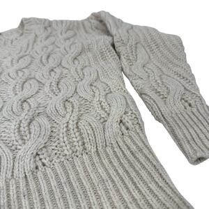 WHBM Chunky Sweater Cable Knit Wool Blend Cream White Cozy Large
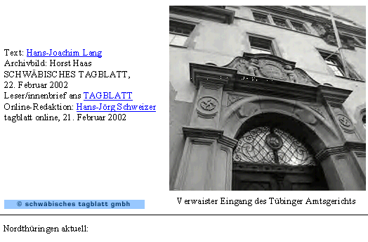 Haug ist in Tübingen kein Unbekannter, hier begann vor zweieinhalb Jahren seine Karriere als Politiker. Als Kandidat der WUT schickte er sich an, in den Gemeinderat und in den Kreistag einzuziehen. Doch dem Wahlvolk fehlte der Blick für seine politische Berufung und ließ ihn mit 1412 Stimmen (Gemeinderat) beziehungsweise mit 815 Stimmen (Kreistag) durchfallen. Seither ist er in der Kommunalpolitik passiv, alles andere brächte ihn in seiner neuen Position wohl auch in Erklärungsnöte. Denn Haug, vor drei Jahren in unserer Zeitung noch als Physiker (s)einer Ein-Mann-Firma porträtiert, ist nicht Staatssekretär des Bundesinnenministeriums, sondern Staatssekretär der „kommissarischen Regierung des Deutschen Reichs“. Als solcher ist er, wie er uns gestern am Telefon versicherte, seit dem 25. Mai vorigen Jahres im Amt. Bezahlt werde er nach der Reichsbesoldungsordnung. „Davon kann man gut leben.“
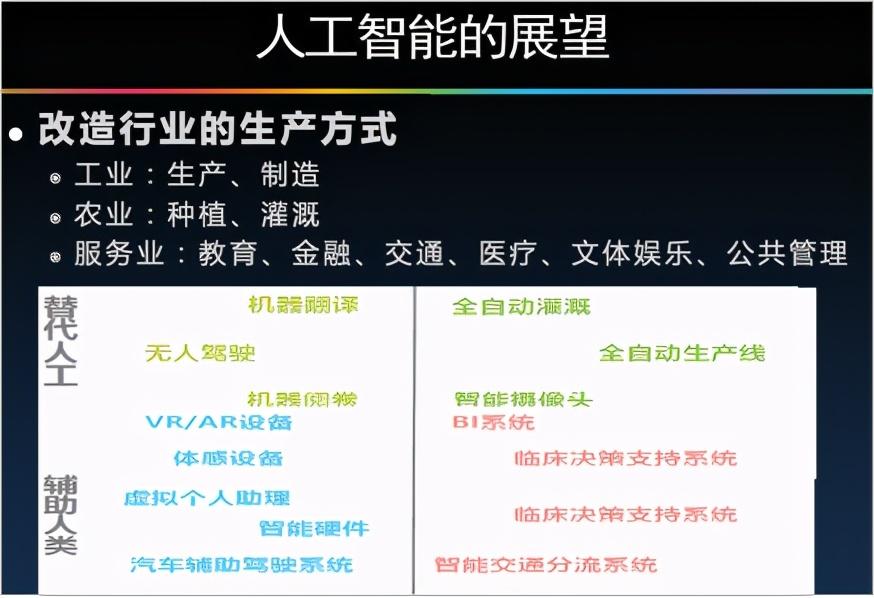 从理论发展上,人工智能将从感知智能向认知智能发展,通过编码进行快速计算,降低功耗,从“后深度学习”到量子计算,从情感计算到伦理思考,让机器做到“察言观色”。从产业发展来看,会从人脸识别慢慢向各行各业延伸,在各领域百花齐放。软件、芯片、算法、5G⋯⋯特别是5G大幅提高通信带宽后,怎样把软件算法芯片和5G融合到一起是产业发展的重要潮流。

==================================================

Transcribe the full listing above exactly as it stands, minus the pictures.

- [ANSWER TO THIS PROBLEM]:
 WHBM Chunky Sweater Cable Knit Wool Blend Cream White Cozy Large
 Haug ist in Tübingen kein Unbekannter, hier begann vor zweieinhalb Jahren seine Karriere als Politiker. Als Kandidat der WUT schickte er sich an, in den Gemeinderat und in den Kreistag einzuziehen. Doch dem Wahlvolk fehlte der Blick für seine politische Berufung und ließ ihn mit 1412 Stimmen (Gemeinderat) beziehungsweise mit 815 Stimmen (Kreistag) durchfallen. Seither ist er in der Kommunalpolitik passiv, alles andere brächte ihn in seiner neuen Position wohl auch in Erklärungsnöte. Denn Haug, vor drei Jahren in unserer Zeitung noch als Physiker (s)einer Ein-Mann-Firma porträtiert, ist nicht Staatssekretär des Bundesinnenministeriums, sondern Staatssekretär der „kommissarischen Regierung des Deutschen Reichs“. Als solcher ist er, wie er uns gestern am Telefon versicherte, seit dem 25. Mai vorigen Jahres im Amt. Bezahlt werde er nach der Reichsbesoldungsordnung. „Davon kann man gut leben.“
 从理论发展上,人工智能将从感知智能向认知智能发展,通过编码进行快速计算,降低功耗,从“后深度学习”到量子计算,从情感计算到伦理思考,让机器做到“察言观色”。从产业发展来看,会从人脸识别慢慢向各行各业延伸,在各领域百花齐放。软件、芯片、算法、5G⋯⋯特别是5G大幅提高通信带宽后,怎样把软件算法芯片和5G融合到一起是产业发展的重要潮流。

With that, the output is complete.